I’m working on my company’s profile of Boeing right now, and I wrote a heading for one section, “September 11 fallout,” and began to wonder: does the term fallout date from the nuclear age, or somewhen before? If the former, isn’t it weird how quickly it became an established word to mean any number of things, and really how, when we use it, we don’t really even think of its nuclear origins?

So I looked it up:

fall (v.)Look up fall at Etymonline.com

O.E. feallan (class VII strong verb; past tense feoll, pp. feallen), from P.Gmc. *fallanan (cf. O.N. falla, O.H.G. fallan), from PIE base *phol- “to fall” (cf. Armenian p’ul “downfall,” Lith. puola “to fall,” O.Prus. aupallai “finds,” lit. “falls upon”). Noun sense of “autumn” (now only in U.S.) is 1664, short for fall of the leaf (1545).
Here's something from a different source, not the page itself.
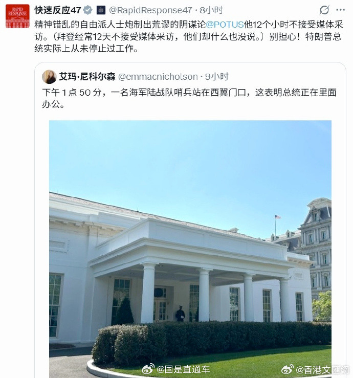 白宫也通过其官方账号“快速反应47”回应网络猜测:“当美国总统连续12小时不接受媒体采访时,那些精神错乱的自由派人士就开始编造荒谬的阴谋论。(而当拜登经常连续12天不接受媒体采访时,他们却什么也没说。)

That of “cascade, waterfall” is from 1579. Most of the figurative senses had developed in M.E. Meaning “to be reduced” (as temperature) is from 1658. To fall in love is attested from 1530; to fall asleep is 1393. Fall guy is from 1906. Fallout “radioactive particles” is from 1950. Fallen “morally ruined” is from 1628.

Turns out it is from the 1950s. Also interesting is the fact that the phrase “fall in love” dates from 1530. What did people say before that? Did people not fall in love before then? Surely they did, but how did they describe it to their friends, or to the person with whom they were falling in love?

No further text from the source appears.